The world turned upside down

Zur Geschichtspolitik des Hamburger Instituts für Sozialforschung


“‚1945‘ ist dabei, zur Chiffre eines neuen Leidens-Gedächtnisses der Deutschen zu werden, das sich [...] neben das Schuld-Gedächtnis setzen wird, wenn nicht sogar an seine Stelle”, schrieb kürzlich die Süddeutsche Zeitung (30.10.03). Der nationalsozialistische Grund für ihre Flucht vor sowjetischen Soldaten und angloamerikanischen Bomben scheint den Deutschen entfallen zu sein. Die “Gleichzeitigkeit der vier großen Reizthemen Bombenkrieg, Gefangenschaft, Vertreibung und Vergewaltigung” läßt eine Renaissance altbraunen Revanchismus‘ vermuten. Die neue Konjunktur deutschen Leidens begann mit Jörg Friedrichs Buch “Der Brand” und Grass‘ “Im Krebsgang”; sie wird mit der Errichtung eines “europäischen Zentrums gegen Vertreibungen” nicht enden.

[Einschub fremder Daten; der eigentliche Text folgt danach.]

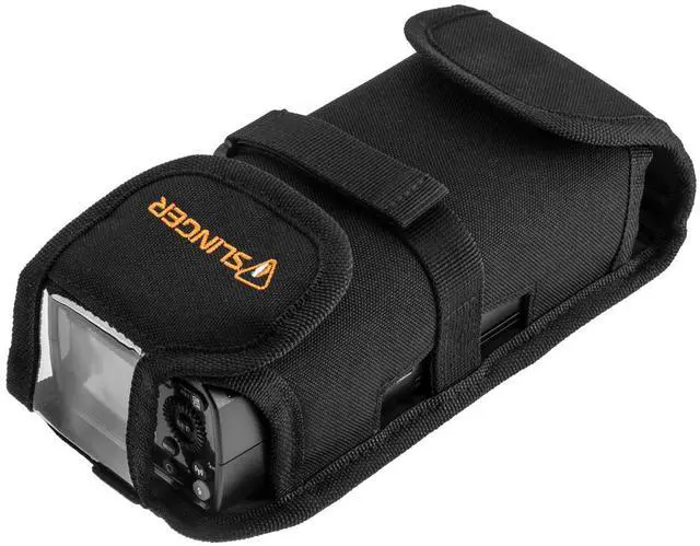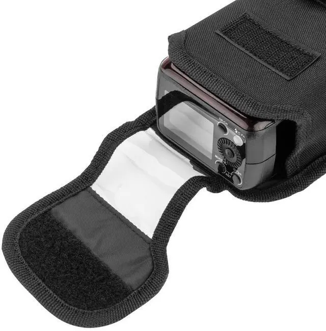 Designed with practicality in mind, the pouch allows the eVOLV to hang from a stand or rest on the shoulder, while keeping the cable end unobstructed. The clear top window ensures the LCD panel on the flash remains visible, and the controls are easily accessible, even when the body is securely fastened with the multiple Velcro straps and flaps.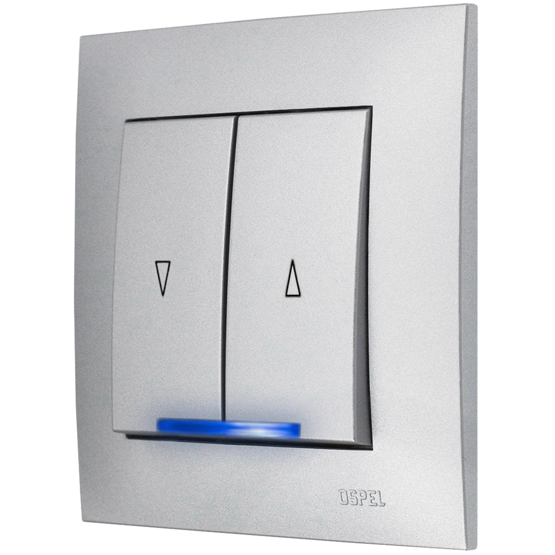 Ospel Szafir Srebrny Włącznik / Łącznik Roletowy Z Blokadą Podświetlenie Niebieskie Zestaw Z Ramką

Unsere” Wehrmachtsausstellung


Glücklicherweise - so möchte man meinen - gibt es die vom Hamburger Institut für Sozialforschung (HIS) initiierte sogenannte Wehrmachtsausstellung (WMA), die noch immer einem grossen Teil der Linken als Damm gegen die braune Flut gilt. Paradigmatisch formulierte es Klaus Theweleit 1997 in der taz. Er sah in der Ausstellung in ihrer ursprünglichen Version einen “Schuss vor den Bug der Leute, die den verfassungsmäßigen Auftrag der Bundeswehr gern ausweiten würden. Deren Strategie wird von der Wehrmachtsausstellung empfindlich gestört.”


Tatsächlich schien die 1995 vom HIS erstmals gezeigte Ausstellung “Vernichtungskrieg. Verbrechen der Wehrmacht 1941 bis 1944” die deutsche Gesellschaft zunächst in unüberwindbare politische Lager zu spalten. Immerhin wurden dort die aktive Rolle der Wehrmacht im völkisch-antisemitischen Vernichtungskrieg gegen die Sowjetunion und Jugoslawien dargestellt und in unzähligen von der Roten Armee und den Partisanen beschlagnahmten Schnappschüssen deutscher Landser die “Taten des Jedermann” (Jan-Philipp Reemtsma) dokumentiert und kommentiert. Die Gestaltung der Ausstellungsfläche in Form eines eisernen Kreuzes konnte als Verweis auf die Kontinuität zwischen Wehrmacht und Bundeswehr interpretiert werden. Damit bohrte die Ausstellung in einer nationalen Wunde, die rechte Historiker in den 80er Jahren vergeblich zu schließen versucht hatten, und erinnerte zum Gram der Konservativen an eine “Vergangenheit, die nicht vergeht” (Ernst Nolte).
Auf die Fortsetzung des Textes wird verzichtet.